--- Dataset section Enclosed Below ---

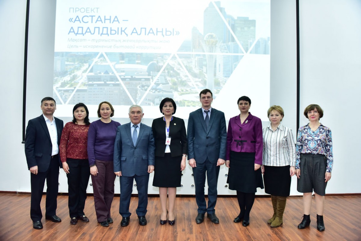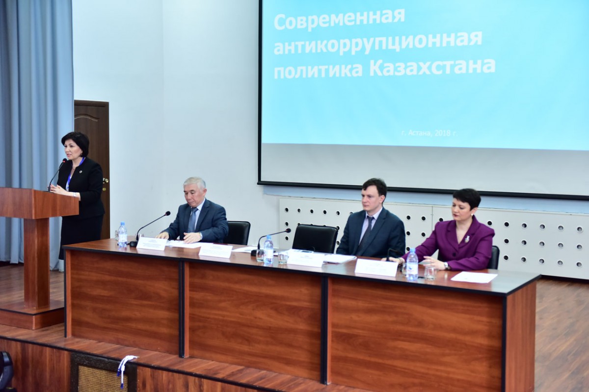 On 4 may 2018 in the Eurasian Humanities Institute there was held a meeting of the students, the teaching staff and administration with the Deputy Head of the department on the affairs of the state service and opposition against corruption on astana-city Zhalkyshiyeva Zhazira Zhaksylykovna (the leader of the project «Астана адалдық алаңы»), the deputy of the Head of the Headquarters (Department) of the Department of the National Bureau on the opposition against corruption in Astana Boiko Igor Alexandrovich. At this meeting Prorector on the educational work, Candidate of Pedagogical Science, Professor Ospanova Yaroslava Nilkolayevna made a speech. In the course of the event the issues concerning the realization of the union policy in the sphere of the state service, opposition against corruption and control over the quality of rendering services were discussed.
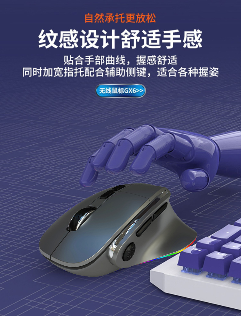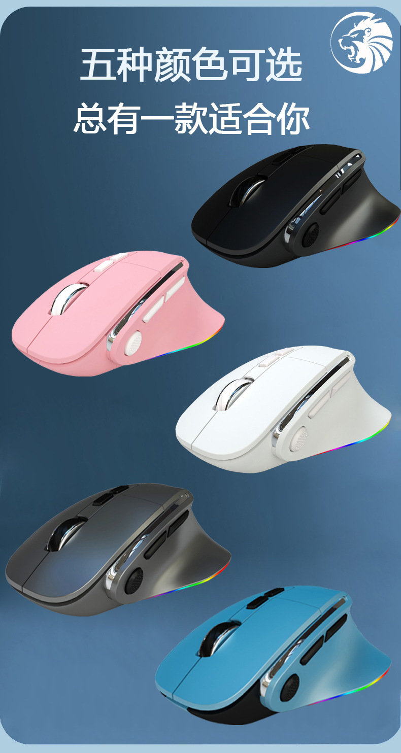 돔 사자 H5 무선 유선 듀얼 모드 수직 마우스 빛나는 rgb 컬러 오피스 게임 E-스포츠
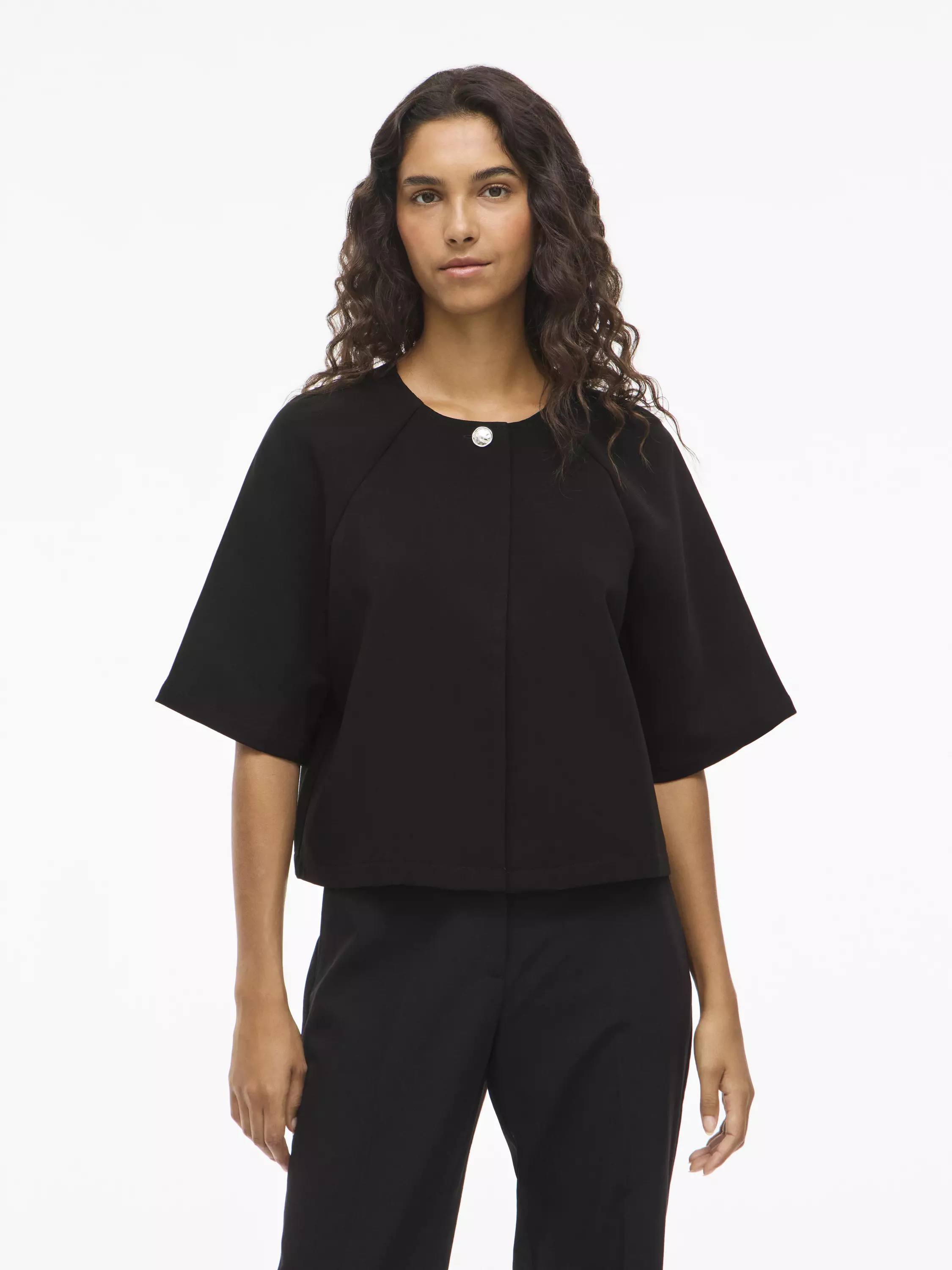 Lyhyt jakku, jossa on 2/4-mittaiset hihat. Kauluksettoman jakun pystyy kiinnittämään yhdellä kauniilla ylänapilla. Jakussa on leveät raglan-hihat ja hieaman leveä malli.

--- End of Enclosed Dataset section ---

Problem description ▸
Only the text of the listing should be returned, exactly and in full; no image goes into the copy.

Written answer ▸
 On 4 may 2018 in the Eurasian Humanities Institute there was held a meeting of the students, the teaching staff and administration with the Deputy Head of the department on the affairs of the state service and opposition against corruption on astana-city Zhalkyshiyeva Zhazira Zhaksylykovna (the leader of the project «Астана адалдық алаңы»), the deputy of the Head of the Headquarters (Department) of the Department of the National Bureau on the opposition against corruption in Astana Boiko Igor Alexandrovich. At this meeting Prorector on the educational work, Candidate of Pedagogical Science, Professor Ospanova Yaroslava Nilkolayevna made a speech. In the course of the event the issues concerning the realization of the union policy in the sphere of the state service, opposition against corruption and control over the quality of rendering services were discussed.
 돔 사자 H5 무선 유선 듀얼 모드 수직 마우스 빛나는 rgb 컬러 오피스 게임 E-스포츠
 Lyhyt jakku, jossa on 2/4-mittaiset hihat. Kauluksettoman jakun pystyy kiinnittämään yhdellä kauniilla ylänapilla. Jakussa on leveät raglan-hihat ja hieaman leveä malli.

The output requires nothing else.